**Exercise inputs**
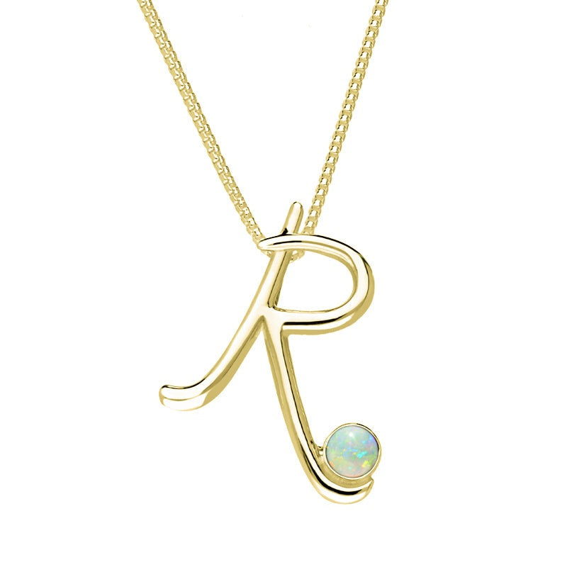 18ct Yellow Gold Opal Love Letters Initial R Necklace, P3465.
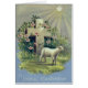 Stuur dit voorjaar iemand een paasgroet! Deze prent toont een lam voor een Christelijk kruis.
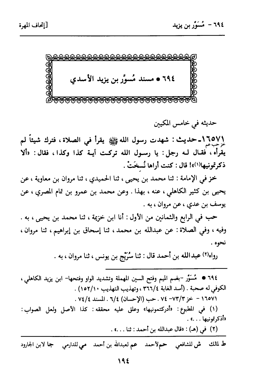 رواه عبد الله بن أحمد قال: ثنا سُريج بن يونس، ثنا مروان، به.
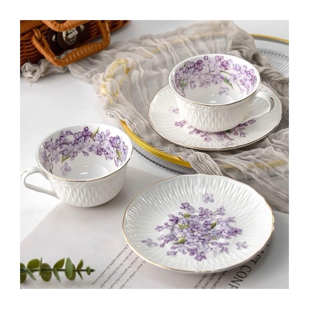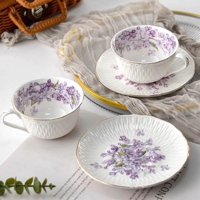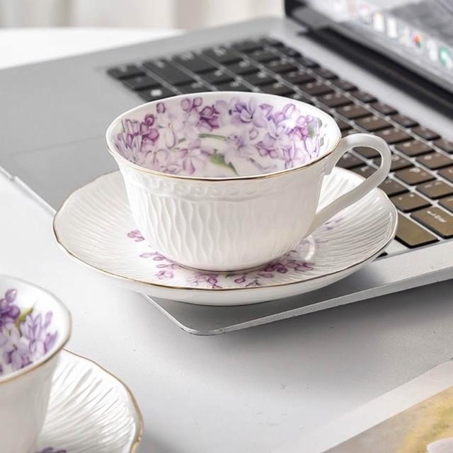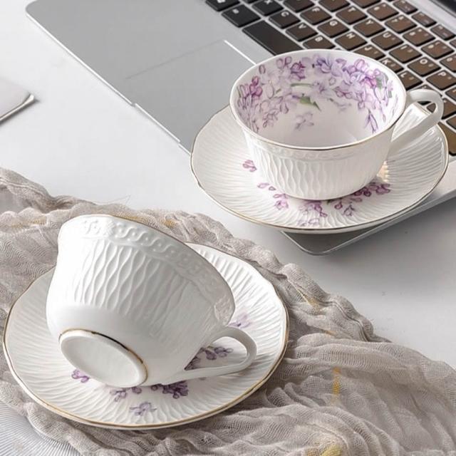 CAN YAO📍浮雕紫丁香 新骨瓷咖啡杯盤 兩杯兩盤 咖啡杯組 對杯組 咖啡杯禮盒 下午茶 杯組 禮品 贈品 花茶杯
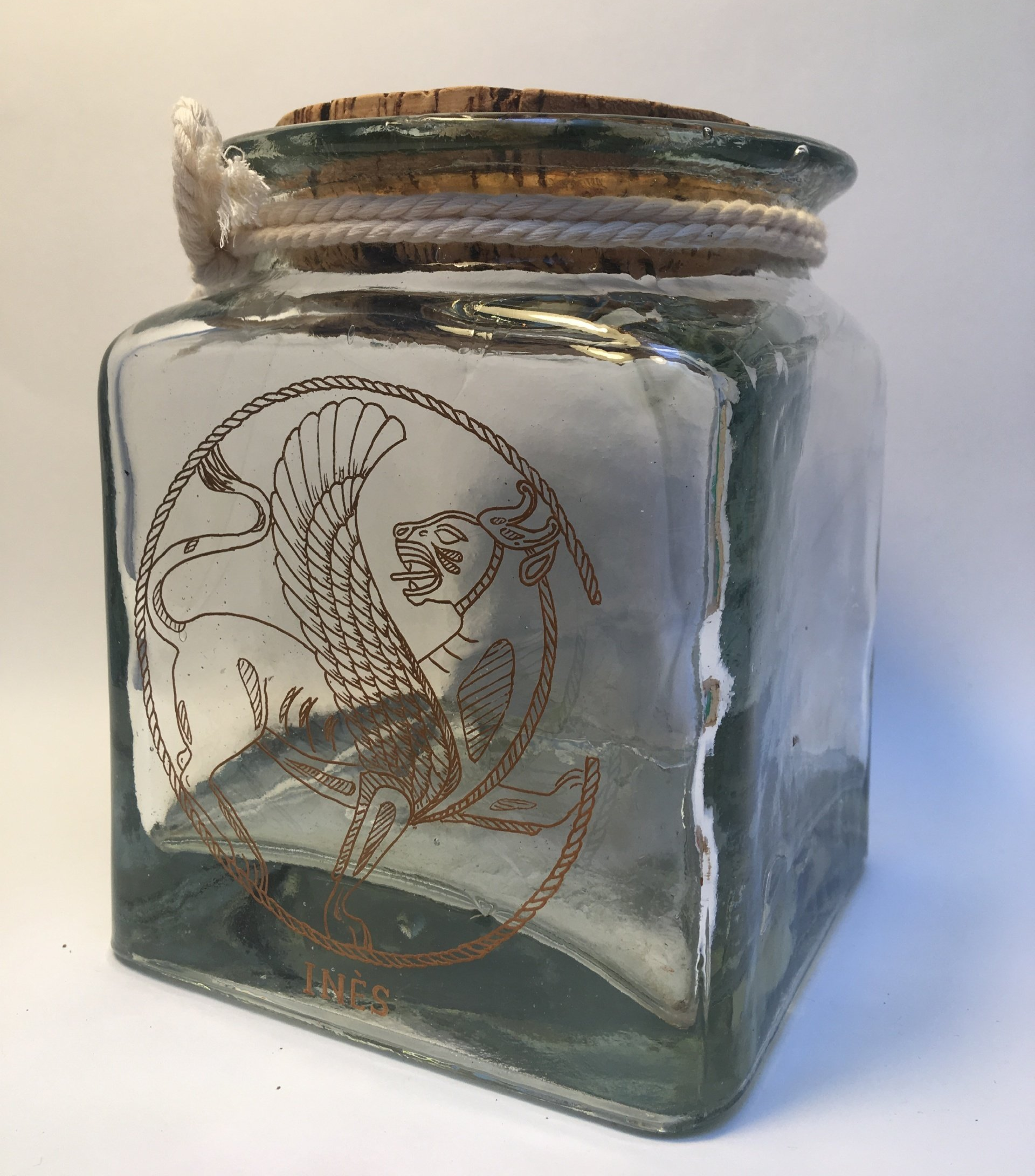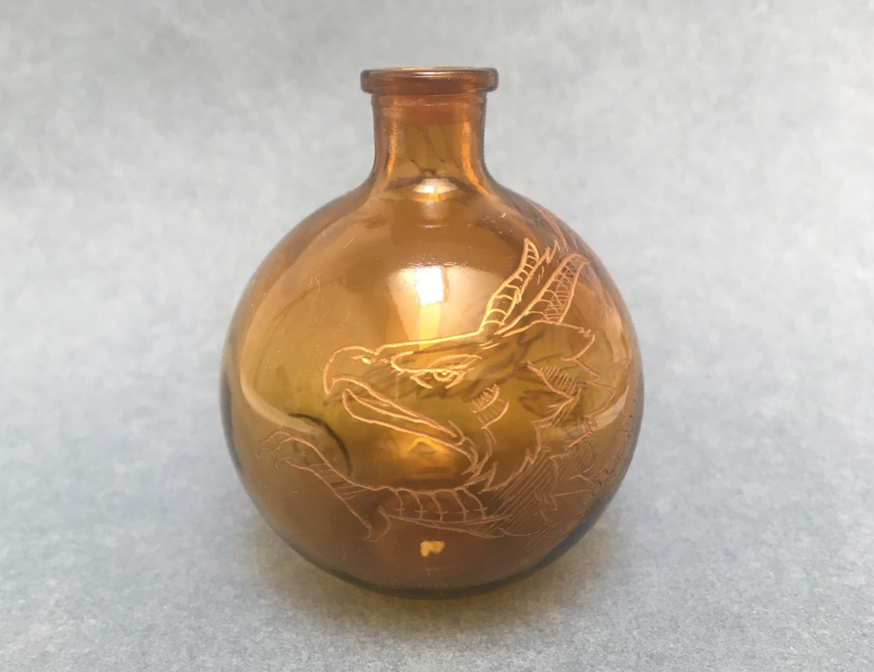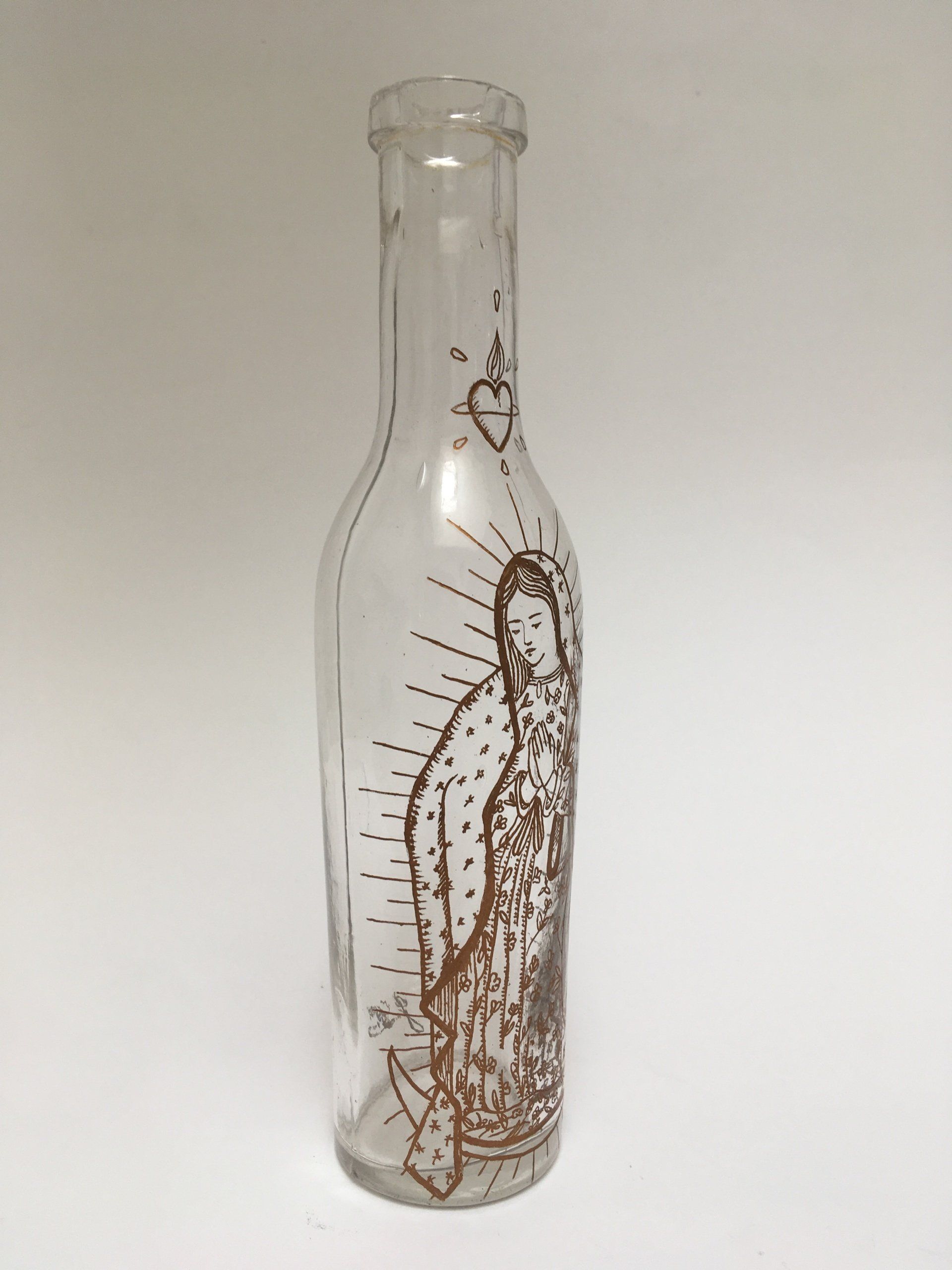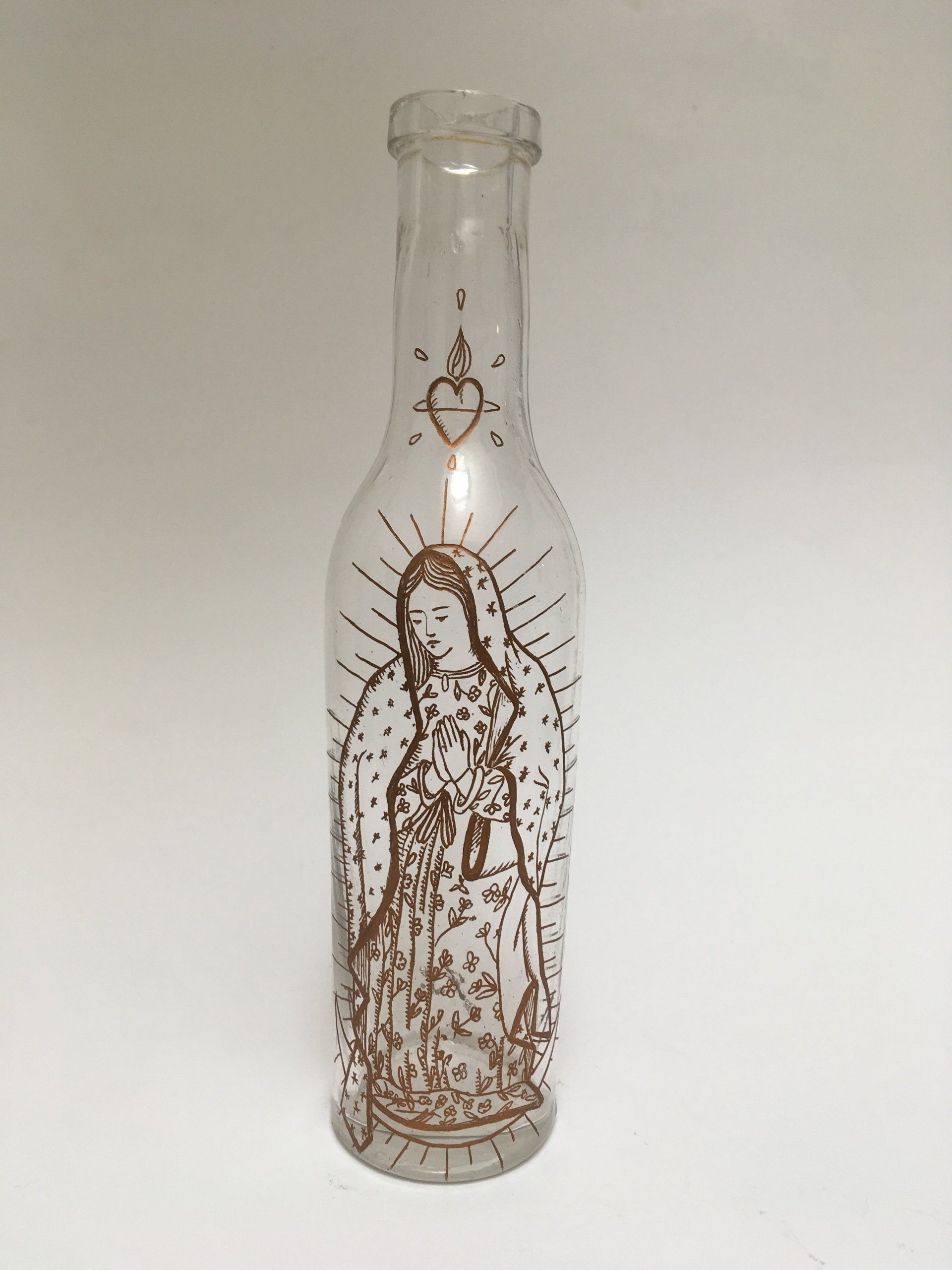 Dessin gravé sur flacon en verre de seconde main, 2019

**Instructions for the task**
Repeat the entries exactly as they are given, leaving out each image.

**Solved problem**
 18ct Yellow Gold Opal Love Letters Initial R Necklace, P3465.
 Stuur dit voorjaar iemand een paasgroet! Deze prent toont een lam voor een Christelijk kruis.
 رواه عبد الله بن أحمد قال: ثنا سُريج بن يونس، ثنا مروان، به.
 CAN YAO📍浮雕紫丁香 新骨瓷咖啡杯盤 兩杯兩盤 咖啡杯組 對杯組 咖啡杯禮盒 下午茶 杯組 禮品 贈品 花茶杯
 Dessin gravé sur flacon en verre de seconde main, 2019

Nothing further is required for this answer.